In the leadup to the 1979 U.S. Triple Crown series, Golden Act finished second in the California Derby at Golden Gate Fields in the San Francisco Bay Area. He then won the Louisiana Derby at the Fair Grounds Race Course in New Orleans and in April was sent to Oaklawn Park in Hot Springs, Arkansas where he won the Arkansas Derby.

Golden Act was ridden by future U.S. and Canadian Hall of Fame jockey Sandy Hawley. In the Kentucky Derby, they were up against a strong field that was led by the overwhelming favorite, Spectacular Bid, and included the second betting choice, Flying Paster, and the well-regarded General Assembly. Sent off at 19:1 odds, Golden Act finished third behind General Assembly and winner Spectacular Bid.

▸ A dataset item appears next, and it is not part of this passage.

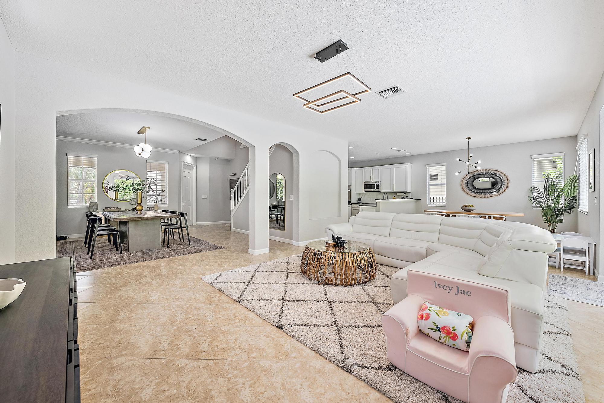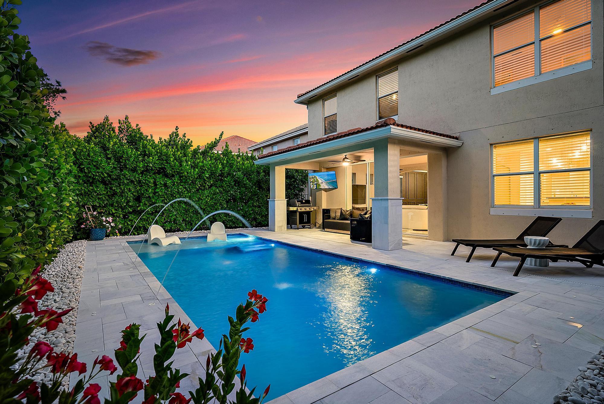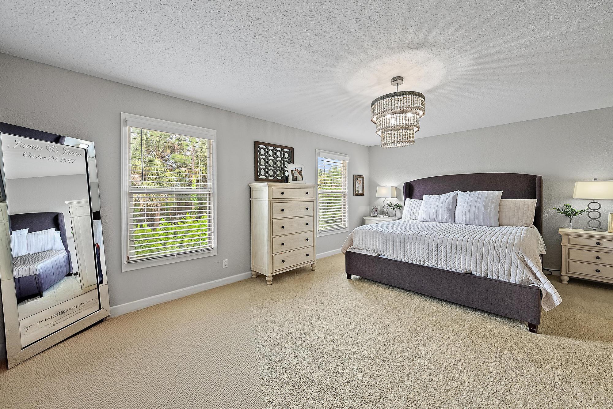 Rarely available and highly coveted Laguna model in the Oaks of Hobe Sound. This pool home features a spacious, open floor plan. Oversized kitchen is sure to impress, featuring 42'' wood cabinets, stainless appliances, granite counters & walk-in pantry with tons of storage. The kitchen opens to the dining room and family room. A half bath and. laundry room are also located on the first floor. Gorgeous pool installed in 2022, boasting tumbled marble decking and a heater/chiller. ALL BEDROOMS UPSTAIRS. The second floor features a spacious loft/game room. The primary suite is a peaceful sanctuary with an ensuite bath featuring a double vanity, walk-in shower, soaking tub, and generous his-and-hers closets.

At Pimlico Race Course in Baltimore, Maryland for the second leg of the Triple Crown, Hawley brought Golden Act from the back of the field to finish second to Spectacular Bid in the Preakness Stakes. In New York's Belmont Stakes, the final leg of the Triple Crown, Golden Act used another strong stretch drive to overtake Spectacular Bid and finish second to upset winner Coastal.

Golden Act went on to win 1979's Secretariat Stakes and Lawrence Realization Stakes. In November's prestigious Canadian International Stakes on turf at Woodbine Racetrack in Toronto, Ontario, Canada, he defeated an international field that included Trillion, a multiple stakes winner from France. At age four, Golden Act returned to racing, with his best results coming in two Grade I races, the 1980 Turf Classic Invitational Stakes, where he finished second, and the Man o' War Stakes, where he ran third.

==Stud record==
Retired to stud duty, Golden Act sired a number of winners, notably Silver Circus, a winner of the Grade I Hollywood Derby, and the successful steeplechase runner Almost Golden.

Golden Act died at the age of twenty-four on May 8, 2000, at Cardiff Stud Farm in Creston, California.